In Time

Youth worshipper - Your wife, mother, dad and husband all look like your classmates. Better hurry!

Oct 27, 2011 at 12:00 am
click to enlarge Puppy love: Seyfried and Timberlake in In - Time.
Puppy love: Seyfried and Timberlake in InTime.

In Time

 

C

In Time presents an unspecified future where time is money: You want a latte? That'll be four minutes off your life. Want that sports car? Six months. People in this dystopia stop physically aging at 25; your wife, your mother and your girlfriend all look like classmates. Yet this comes at the cost of a neon countdown timer implanted in your arm; a beast that has to be fueled with credits to continue running. Everything in this genetically perfected society runs on an egg timer of social Darwinism; you can stay young and beautiful forever, but only if you have the means.

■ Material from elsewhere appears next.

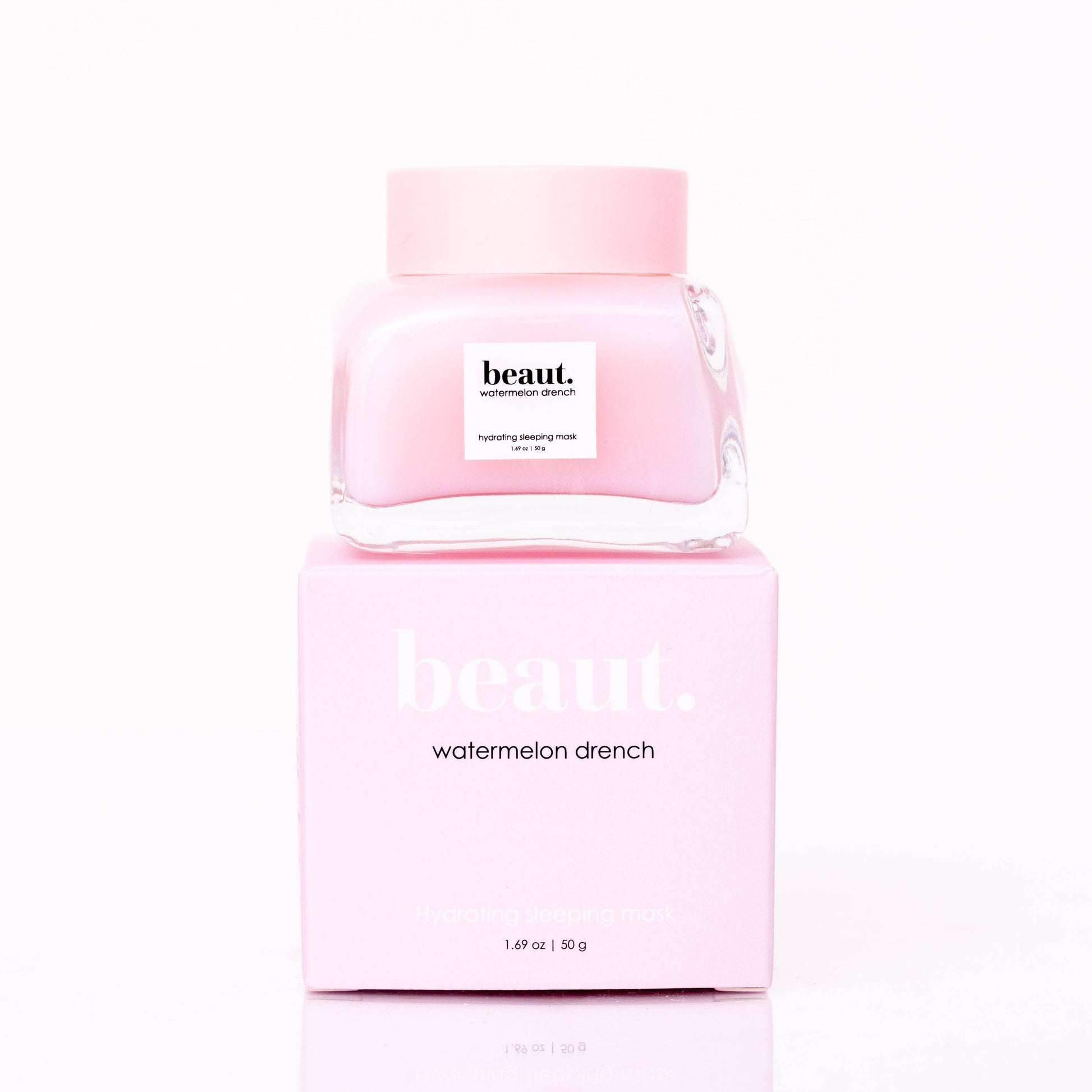 The Watermelon Drench sleeping mask is enriched with watermelon extracts, hyaluronic acid, and Alpha Hydroxy Acids (AHAs), this mask redefines skincare innovation. Its bouncy, breathable texture harnesses watermelon's amino acids and vitamins to deeply hydrate, soothe, and shield your skin against dryness and pollution. This overnight mask optimizes skin renewal for a visibly revitalized, refined, and naturally glowing complexion. Perfect for overnight, or any time your skin is in need of extra hydration. Instructions: Use daily or as needed. For sleep, apply a generous layer on your skin as the final step of evening routine for perfect, dewy, glowing skin. For daytime, apply a generous layer as the final step of your morning skincare routine for a glowy, post hydrafacial look.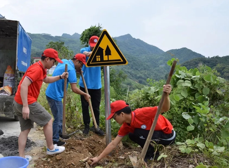 志愿者们安装交通安全标志

This is a delightfully complex high-concept idea is clumsily wrapped around chase-movie gear-works then used to bludgeon the audience with manufactured thrills. Similarities abound with the '70s cheeseball sci-fi spectacular Logan's Run, which also involved a pair of photogenic outlaws rebelling against a lethally youth-obsessed society, though sadly this one doesn't involve monorails, lycra jumpsuits or ray guns. Instead, we have a faintly futuristic slum that looks just like some of the grungier parts of Los Angeles, but is called "Dayton." Will Salas (Justin Timberlake) is one disgruntled resident, a factory drone living day-by-day (literally), until he rescues a wealthy man from thugs. This kindly stranger has had far too much of the good life, and grants Will with a bonus century before committing suicide by jumping into the same concrete river basin John Travolta drag-raced in Grease.

The local thugs, and Cillian Murphy's hard-driving inspector, can't believe Will's sudden good fortune, and he's soon in a desperate race to keep one step ahead of the forces that won't cut a poor kid a break. His improvised escape plan involves breaking into the guarded rich folks' zone, then kidnapping a millionaire's daughter (Amanda Seyfried) and heading out on the lam. Together they become a sort of Versace-ad Bonnie and Clyde, liberating banks, and spreading the pilfered minutes around to the poor, in order to overturn civilization's rotten applecart.

Talk about good timing: The movie's proletariat revolt and economic-justice message dovetails beautifully with the current Occupy phenom. Too bad the provocative theme and power-to-the-people message is overridden by action beats and chase movie tropes that involve absurd coincidences happening roughly every seven minutes.

Writer-director Andrew Niccol got more mileage out of the eugenically perfect world of haves and have-nots in the semi-classic Gattaca, but here he runs out of time to explain his theme. Stiff acting and storytelling shortcuts undermine a clever concept. After an intriguing first half, you'll probably be checking your watch.